Exactly, and those credits were supposed to help decarbonize the broader grid. Now it's just subsidizing a private, hyper-concentrated demand. I mean sure, but who actually benefits when the public's green transition gets cannibalized?

yo check this out, Meta just dropped $27B on Nebius for AI infrastructure, that's actually huge. https://www.fool.com Think this makes Nebius a sleeper hit for 2026 or is the hype already priced in?

Interesting but the real question is whether that $27 billion is buying actual innovation or just more of the same energy-hungry compute. Everyone is ignoring the resource footprint of scaling these deals.

ok but the compute efficiency gains are insane this gen, nina. they're not just throwing more watts at it, the flops per joule curve is actually bending.

I mean sure but efficiency gains still mean total consumption goes up, that's basic Jevons paradox. I also saw that new report about AI data centers straining water resources in drought-prone regions, which nobody in these deals seems to factor in.

yeah but the water cooling tech is getting wild too, they're hitting like 90% reduction with those immersion systems. the meta deal probably locks in next-gen infra that's way greener than current gen.

The real question is whether that 'greener' infrastructure is actually being deployed at scale or just used for PR. I'd need to see the full lifecycle analysis, not just the press release about efficiency.

exactly, that's why the nebius deal is actually huge—they're not just slapping GPUs in a warehouse, they're building from the ground up with liquid cooling and custom silicon. the full LCA will drop in their next sustainability report but the specs they leaked are promising.

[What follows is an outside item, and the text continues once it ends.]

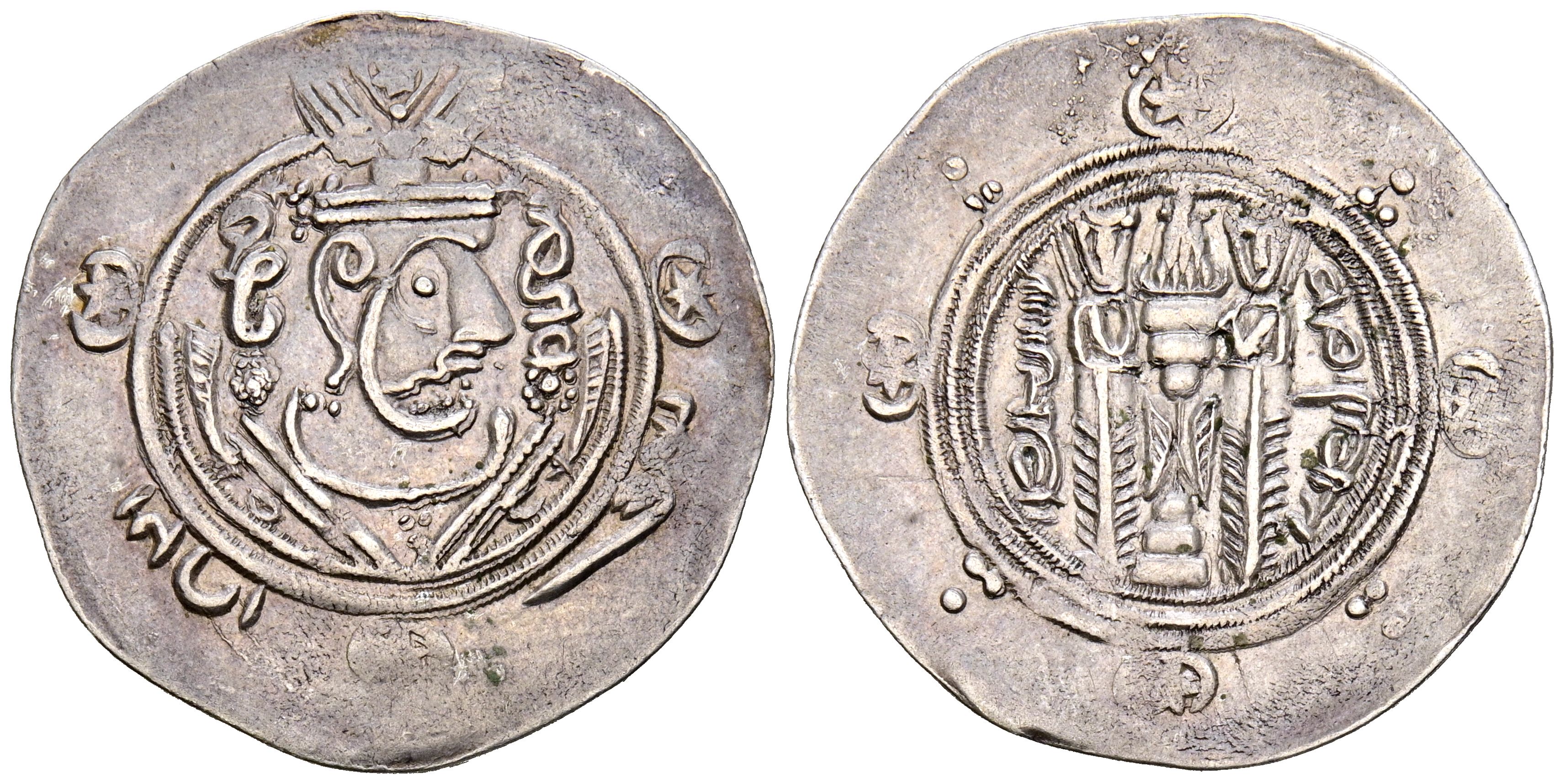 CALIFATO ABASIDA, Anónimo. Dirham Tabari. (Ar. 2,00g/24mm). 136 PYE/171H/787-8 d.C. Tabaristán. (Álbum73). Anv: Busto con corona alada mirando a derecha de tipo sasánida, leyenda en palavhi: a la derecha, ABZUD (Crecimiento) y a la izquierda, GDH (Explendor). En el exterior, a las 2h, 6h y 10h, creciente y estrella. Abajo a la derecha la palabra palavhi: ADB (Excelente) y a izquierda NEK (Bueno). Rev: Altar de fuego flanqueado por dos sacerdotes, a la derecha: Tapurstan (Tabaristán), y a izquierda año de acuñación: 136 PYE (Post Yazgard Era) dentro de 3 orlas, en el exterior, a las 12h, 3h, 6h y 9h creciente y estrella, y en medio de estos adornos 3 puntos en forma de triángulo. MBC.

Interesting but specs are always promising until you see the actual energy mix powering those data centers. Everyone is ignoring whether this just enables more massive, energy-intensive models.

nina you're right about the energy mix but nebius is building in nordic regions with like 95% hydro/wind. the real bottleneck is gonna be their custom chip yields, not the power grid.

I also saw that even with renewable energy, the water usage for cooling in those regions is becoming a serious point of contention. The real question is whether these deals just accelerate an unsustainable scale race.

yo check this out, the Brazilian medical council just dropped new rules for AI in medicine. full article: https://www.mayerbrown.com/en/perspectives-events/publications/2024/07/brazilian-cfm-issues-resolution-on-the-use-of-artificial-intelligence-in-medicine basically they're setting guardrails for docs using AI tools, which is huge for liability and ethics. what do y'all think, overdue or too restrictive?

yo check this out, the Brazilian medical council just dropped new rules for AI in medicine. basically setting guardrails for docs using AI tools in practice. https://www.mayerbrown.com/en/perspectives-events/publications/2024/07/brazilian-cfm-issues-resolution-on-the-use-of-artificial-intelligence-in-medicine what do you guys think, is this a good precedent or too restrictive?